» **ENTRIES PROVIDED**:
Start of Block

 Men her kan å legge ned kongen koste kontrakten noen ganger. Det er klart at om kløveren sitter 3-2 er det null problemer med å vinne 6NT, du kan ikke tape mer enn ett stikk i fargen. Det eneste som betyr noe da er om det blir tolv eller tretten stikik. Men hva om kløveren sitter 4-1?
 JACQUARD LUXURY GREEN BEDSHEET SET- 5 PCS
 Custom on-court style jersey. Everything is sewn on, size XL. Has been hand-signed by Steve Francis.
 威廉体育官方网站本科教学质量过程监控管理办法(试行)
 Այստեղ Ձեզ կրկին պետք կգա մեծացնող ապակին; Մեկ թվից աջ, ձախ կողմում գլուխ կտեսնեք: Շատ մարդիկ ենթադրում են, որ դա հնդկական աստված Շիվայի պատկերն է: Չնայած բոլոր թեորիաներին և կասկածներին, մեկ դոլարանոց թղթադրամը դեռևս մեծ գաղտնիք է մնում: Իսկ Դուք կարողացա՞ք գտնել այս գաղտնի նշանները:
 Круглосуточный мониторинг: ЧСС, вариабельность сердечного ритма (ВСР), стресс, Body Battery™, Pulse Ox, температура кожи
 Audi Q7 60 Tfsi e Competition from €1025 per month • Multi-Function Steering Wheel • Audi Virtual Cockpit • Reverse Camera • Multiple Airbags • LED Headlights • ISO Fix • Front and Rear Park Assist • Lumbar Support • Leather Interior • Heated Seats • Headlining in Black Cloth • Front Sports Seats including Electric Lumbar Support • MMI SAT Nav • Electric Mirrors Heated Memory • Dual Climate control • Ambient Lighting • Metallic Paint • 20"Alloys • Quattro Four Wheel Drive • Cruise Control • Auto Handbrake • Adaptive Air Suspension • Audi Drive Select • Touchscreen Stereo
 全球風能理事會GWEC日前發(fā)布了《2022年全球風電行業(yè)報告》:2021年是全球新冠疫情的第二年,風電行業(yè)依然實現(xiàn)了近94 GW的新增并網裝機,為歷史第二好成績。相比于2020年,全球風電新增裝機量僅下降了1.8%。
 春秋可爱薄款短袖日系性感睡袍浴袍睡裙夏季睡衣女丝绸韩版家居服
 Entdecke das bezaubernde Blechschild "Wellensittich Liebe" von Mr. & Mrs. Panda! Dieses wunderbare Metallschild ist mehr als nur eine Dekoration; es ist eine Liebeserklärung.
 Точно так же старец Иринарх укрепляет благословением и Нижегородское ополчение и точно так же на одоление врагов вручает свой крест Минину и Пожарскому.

End of Block
Start of Block

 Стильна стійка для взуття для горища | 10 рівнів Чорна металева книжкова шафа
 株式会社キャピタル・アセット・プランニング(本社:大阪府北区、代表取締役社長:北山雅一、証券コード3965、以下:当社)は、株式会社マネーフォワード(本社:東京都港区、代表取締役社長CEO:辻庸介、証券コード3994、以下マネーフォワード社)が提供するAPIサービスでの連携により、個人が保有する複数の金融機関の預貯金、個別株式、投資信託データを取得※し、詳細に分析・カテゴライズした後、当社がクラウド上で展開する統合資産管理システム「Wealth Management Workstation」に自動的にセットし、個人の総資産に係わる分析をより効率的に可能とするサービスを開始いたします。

End of Block

» **WORK TO COMPLETE**: Retype only this portion of the data above: the line containing "春秋可爱薄款短袖日系性感睡袍浴袍睡裙夏季睡衣女丝绸韩版家居服", the line containing "Точно так же старец", and all lines between them, exactly.

» **SOLUTION BELOW**:
 春秋可爱薄款短袖日系性感睡袍浴袍睡裙夏季睡衣女丝绸韩版家居服
 Entdecke das bezaubernde Blechschild "Wellensittich Liebe" von Mr. & Mrs. Panda! Dieses wunderbare Metallschild ist mehr als nur eine Dekoration; es ist eine Liebeserklärung.
 Точно так же старец Иринарх укрепляет благословением и Нижегородское ополчение и точно так же на одоление врагов вручает свой крест Минину и Пожарскому.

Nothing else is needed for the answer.